Giocatori

Giocatori

Dovessimo, un giorno, sforzarci di inquadrare in poche parole la stagione in cui viviamo, saremmo finalmente costretti a riconoscere che questi ultimi quindici o venti anni altro non hanno portato se non la disintegrazione del mito.

Prendiamo il gioco d’azzardo. Le generazioni più anziane ce lo hanno consegnato colmo di virile e misterioso fascino. Da Steve McQueen che gioca a poker contro Edward G. Robinson in "Cincinnati Kid", al disperato "chemin de fer" del "Piatto piange" di Chiara c’è un filo conduttore: il gioco come sinonimo di rischio e di liberazione. Nei giocatori di quella razza convivevano spirito e ossessione, perdizione e volontà. Il gioco richiedeva abilità, resistenza, durezza psicologica, spietatezza. Nell’immaginario, poi, i casinò erano luoghi di spie e avventurieri, bari impenetrabili e donne, beh, non altrettanto.

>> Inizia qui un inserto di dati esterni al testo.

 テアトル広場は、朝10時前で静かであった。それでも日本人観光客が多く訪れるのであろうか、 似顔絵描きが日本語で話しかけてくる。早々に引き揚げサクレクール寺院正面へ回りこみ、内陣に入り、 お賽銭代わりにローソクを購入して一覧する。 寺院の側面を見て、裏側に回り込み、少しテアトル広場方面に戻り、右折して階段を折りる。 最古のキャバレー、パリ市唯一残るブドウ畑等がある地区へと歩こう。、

Cosa sia successo, non si sa, ma il gioco d’azzardo è cambiato. Non dico Steve McQueen, ma il luinese Càmola non vorrebbe avere nulla a che spartire con questa nuova generazione di scommettitori rassegnati, tristi, prigionieri dell’estrazione numerica, del fato scoperto grattandolo con una moneta, del salto quotidiano in tabaccheria, del destino affrontato in canottiera.

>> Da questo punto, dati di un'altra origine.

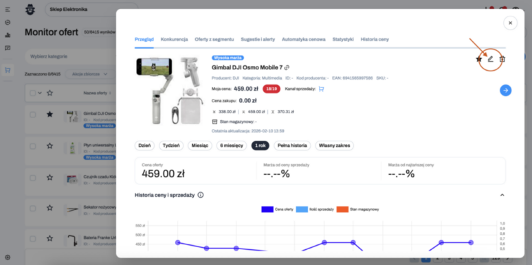 3. Kliknij ikonę ołówka w prawym górnym rogu, na dowolnej zakładce Karty oferty. Otworzy się modal edycji.

I giocatori di un tempo erano guardati con meraviglia e inorridita curiosità: come potevano giocarsi il destino a carte? Quelli di oggi li squadriamo con inorridito disinteresse: figure cerose, più che pallide, dall’occhio liquido, il labbro cascante, il passo da automa. Pensate: per giocare le loro insulse schedine vanno allo sportello. Come per pagare le tasse, spedire una raccomandata, ritirare la pensione. Steve McQueen, allo sportello, si avvicinava giusto per rapinarlo. Altrimenti non si faceva neanche vedere.